Canadian holidaymakers heading to Cuba are facing a wave of last minute disruptions as a sudden jet fuel shortage forces airlines to scrap or radically rework flights into some of the island’s most popular beach gateways. WestJet and Air Canada Rouge have now cancelled or suspended more than a dozen services to resort airports including Varadero, Cayo Coco, Holguín and Cayo Largo del Sur, leaving tour operators scrambling to repatriate customers and rebook winter sun seekers at the height of the peak season.

A Sudden Crisis at Cuba’s Resort Airports

The turmoil began after Cuban aviation authorities issued urgent operational notices in early February warning that Jet A-1 fuel would not be available for at least a month at the country’s nine international airports. The restrictions, effective from February 10 through at least March 11, cover all major tourist gateways, including Varadero’s Juan Gualberto Gómez, Jardines del Rey at Cayo Coco, Frank País in Holguín and the island airport serving Cayo Largo del Sur. Overnight, the Caribbean’s second largest island found itself unable to guarantee basic refuelling for foreign carriers.
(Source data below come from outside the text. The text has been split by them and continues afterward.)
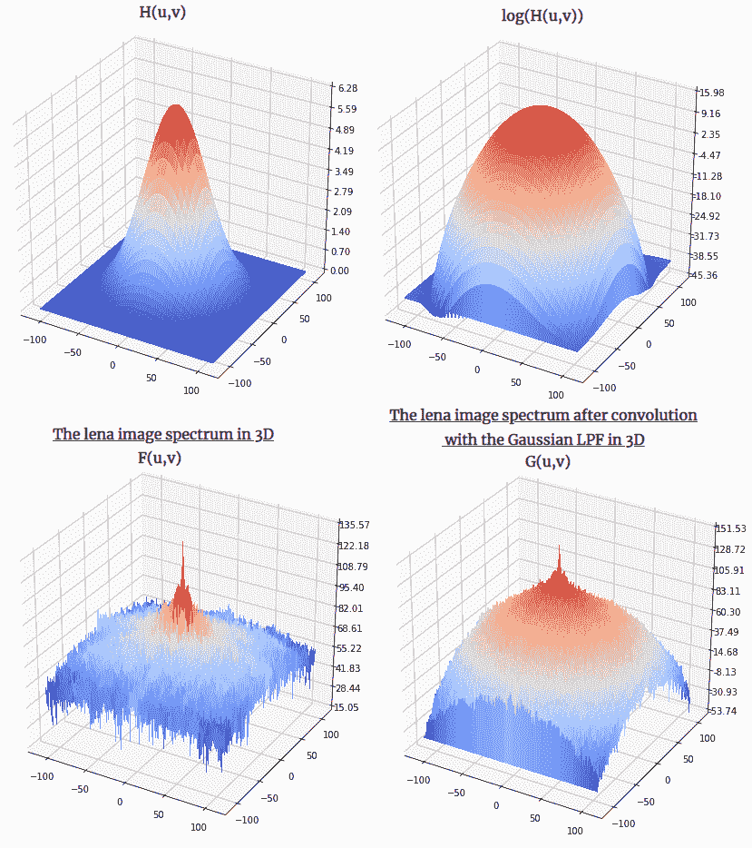 在本节中,我们将在二维和三维绘图中看到高斯核在频域中的样子。
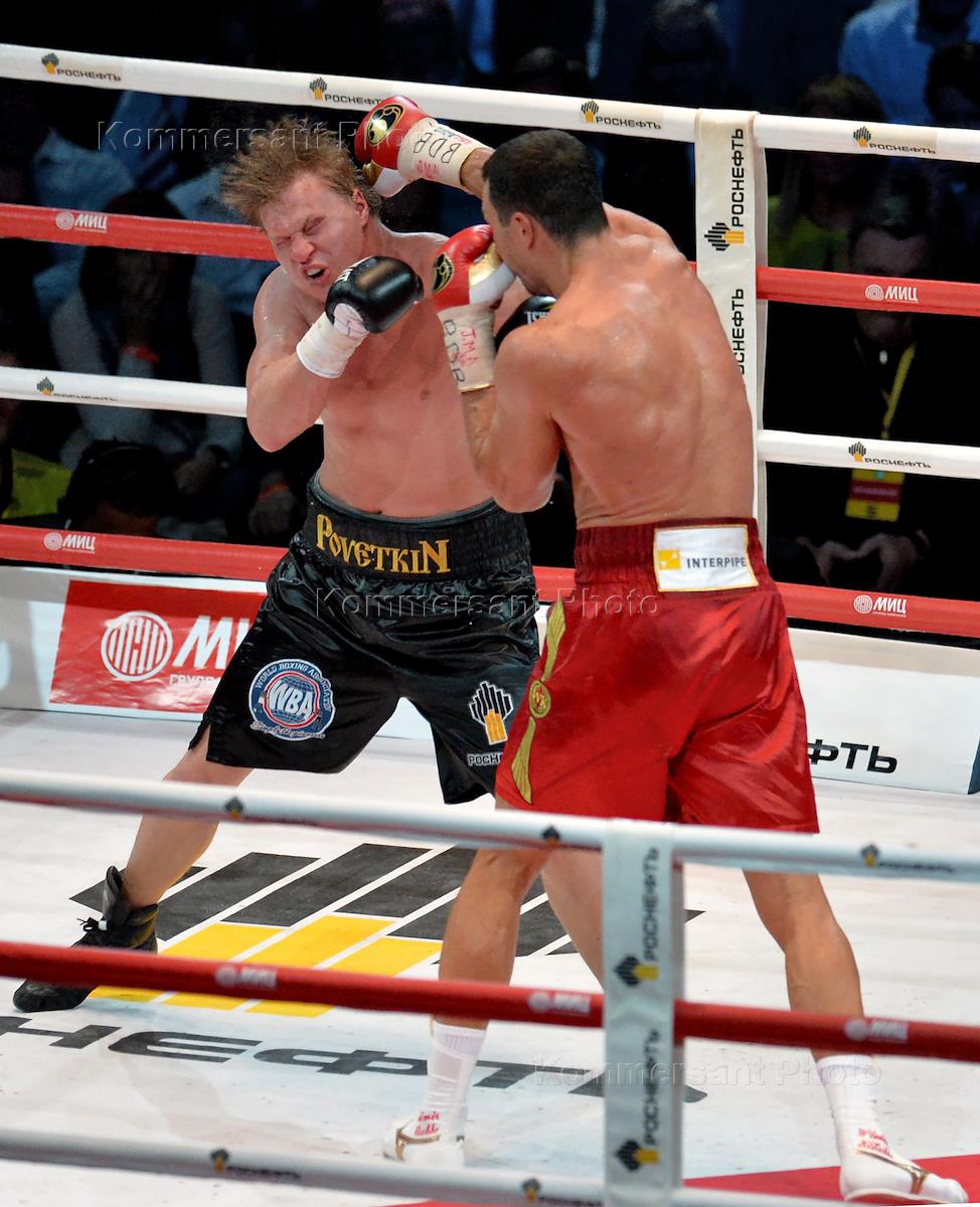 Боксерское шоу "Кличко VS Поветкин". Чемпион WBA Александр Поветкин во время боя с боксером, чемпионом мира в супертяжелом весе по версиям IBF и WBO Владимиром Кличко в СК "Олимпийский".
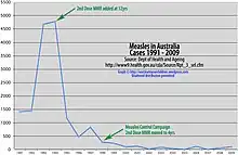 - ↑ Cooper, Dani (11 February 2009). "Australia declared measles free". Australian Broadcasting Corporation. Retrieved 16 May 2010.
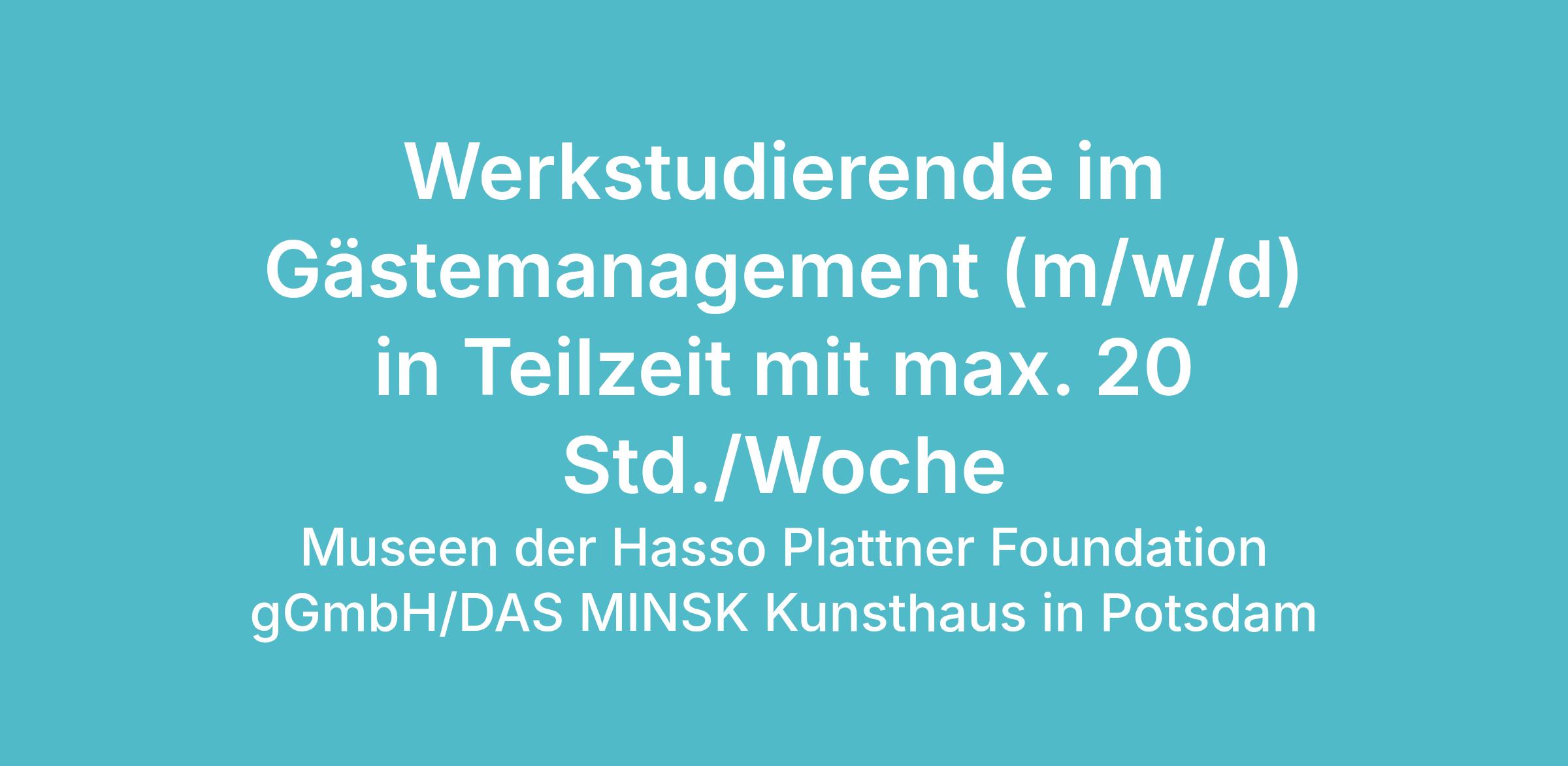 Die Museen der Hasso Plattner Foundation gGmbH sucht zum nächstmöglichen Zeitpunkt:
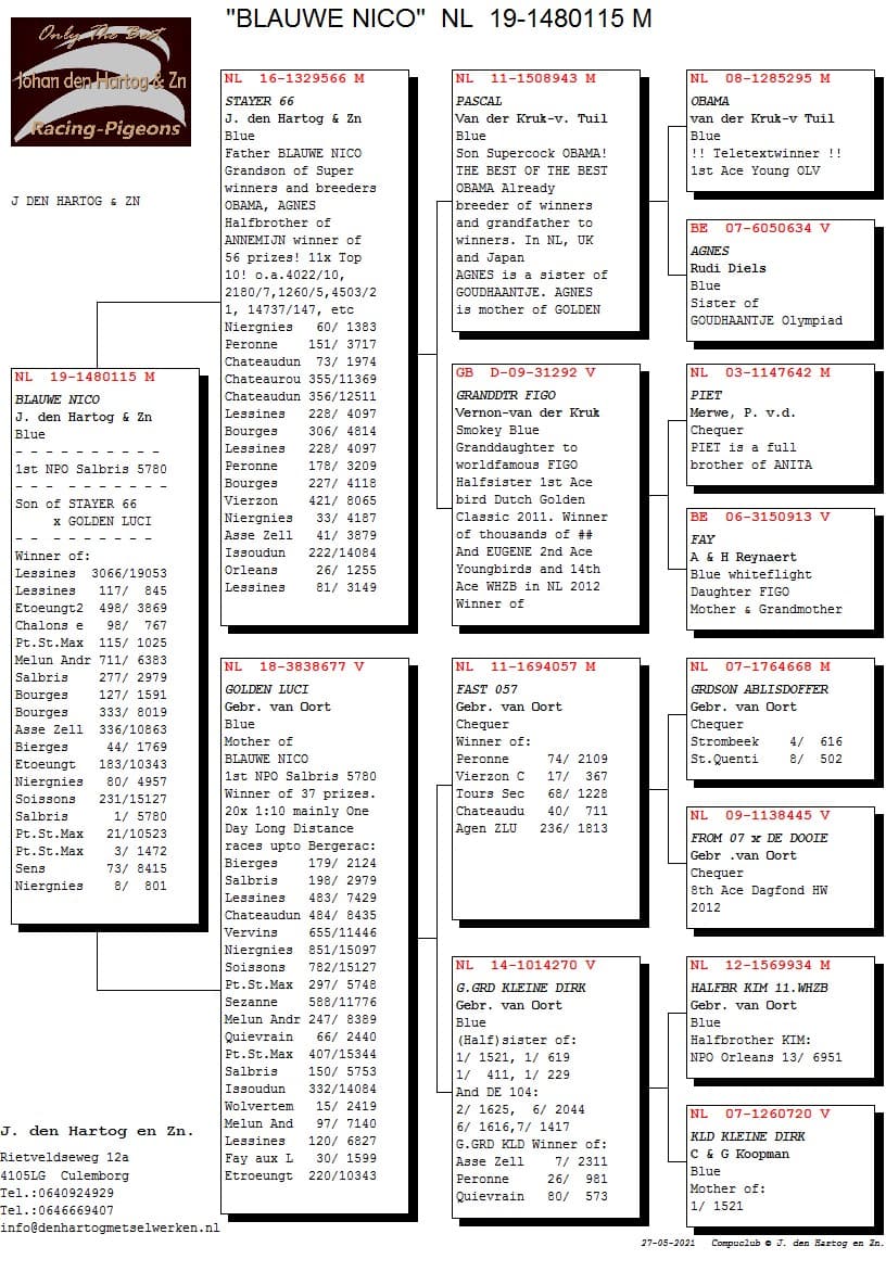 Ook in Nederland lopen de vluchten vlot en krijgen we elke week op de midfond duizenden duiven aan de start. Zo was er voor Afdeling 7 op 23 mei de vlucht vanuit Salbris waar 5.852 duiven werden gelost. De snelste op deze vlucht was de doffer “Blauwe Nico” die we vinden op de hokken van Johan de Hartog en Zoon uit het Nederlandse Culemborg. Deze doffer was niet aan zijn proefstuk toe en kan al een aardig palmares voorleggen.

For airlines, the implications are immediate and severe. Without reliable on the ground fuel, carriers must either tanker in enough fuel for a round-trip, add technical stops in third countries to refuel, or cancel altogether. In practice, that has translated into a patchwork of repatriation flights, route suspensions and schedule changes as Canadian and European airlines reassess their Cuba programs day by day. What began as a technical fuel advisory has quickly spiralled into the most serious aviation disruption Cuba has seen in years.

Varadero, Cayo Coco, Holguín and Cayo Largo del Sur are among the hardest hit because they are almost entirely dependent on international leisure traffic. These destinations exist for tourists: large, all inclusive resorts, charter flights, and package holidays built around non stop service from Canada and Europe. Remove aviation fuel from the equation and the entire model begins to unravel.

WestJet and Air Canada Rouge Pull Back

Canadian airlines, which dominate Cuba’s winter leisure market, have been among the first to cut capacity. WestJet has quietly scrubbed a run of flights from smaller Canadian gateways to Cuban resorts, including services aimed at funneling travelers from regional cities directly to Varadero and Cayo Coco. While some core routes from major hubs are being maintained using tankering strategies, WestJet’s schedule shows a clear reduction in frequencies to affected airports over the coming weeks as the fuel crisis plays out.

Air Canada’s low cost leisure arm, Air Canada Rouge, has gone further. Parent company Air Canada announced on February 9 that it was suspending all commercial service to Cuba in response to the fuel shortage, a decision that effectively grounds Rouge’s Cuba leisure program for the time being. The airline is now operating “empty” southbound aircraft solely to pick up customers already on the island and bring them home, a costly but necessary move designed to clear the backlog of stranded passengers at resort airports.

Between WestJet’s cancellations and Rouge’s full suspension, more than a dozen flights serving Varadero, Cayo Coco, Holguín and Cayo Largo del Sur have already disappeared from February schedules, with more at risk if fuel supplies are not restored quickly. For travelers, the distinction between a technical “suspension” and a “cancellation” makes little difference; the outcome is the same: holidays disrupted, plans upended and uncertainty over when normal flying might resume.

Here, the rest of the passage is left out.